– А ты называла меня Тимофеем. И я терпел. Это было нетрудно, – внезапно сказал он. – Потому что большую часть жизни я откликался на чужое имя.
– Кто ты?
– Князь Долгоруков Михаил Михайлович. Родился в 1981 году в Санкт-Петербурге, русский, из княжеской семьи, беспартийный, окончил Императорское училище правоведения, служил в царской армии…
– Довольно!
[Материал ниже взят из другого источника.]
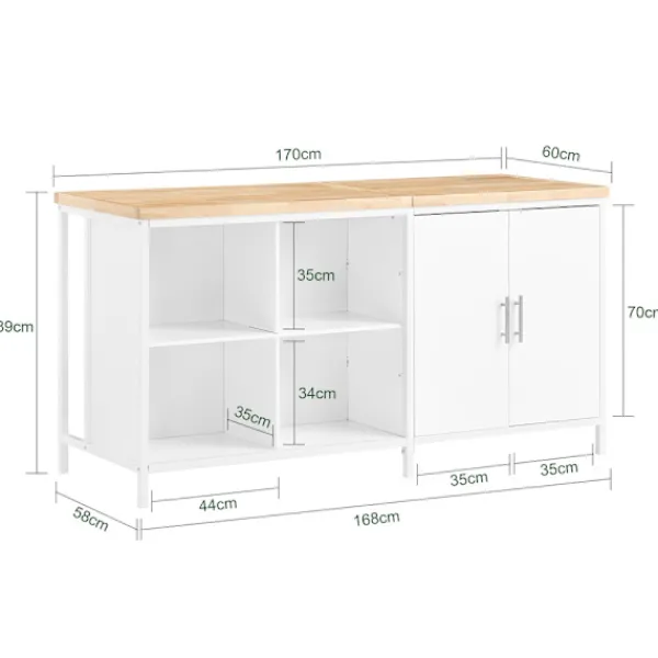 - Mångsidig användning: Fungerar som sideboard, arbetsbänk eller högt bord

Ты назвался настоящим именем, потому что уверен – мне отсюда не выйти. Так? Или немцам меня задумал сдать?
Вовка рассмеялся.
– На что ты немцам? У них в лагере под Вязьмой таких, как ты, сотни тысяч. Мрут, кормить-то нечем. Немецкая дисциплинированность пала под ударами русской безалаберности. Но ничего! Эта земля сожрет и их, и нас. Все в неё ляжем. И враги, и друзья.
– Ты хотел воспользоваться мною. И воспользовался.
– Я хотел немного счастья напоследок.
– Ты плохо поступил. Опоил меня! Так?
– На этих болотах много всякого. Можно жизнь прожить, и хорошо прожить, наружу не выходя. Ты же видишь, я всё умею. Могу рыбу удить, могу охотничать.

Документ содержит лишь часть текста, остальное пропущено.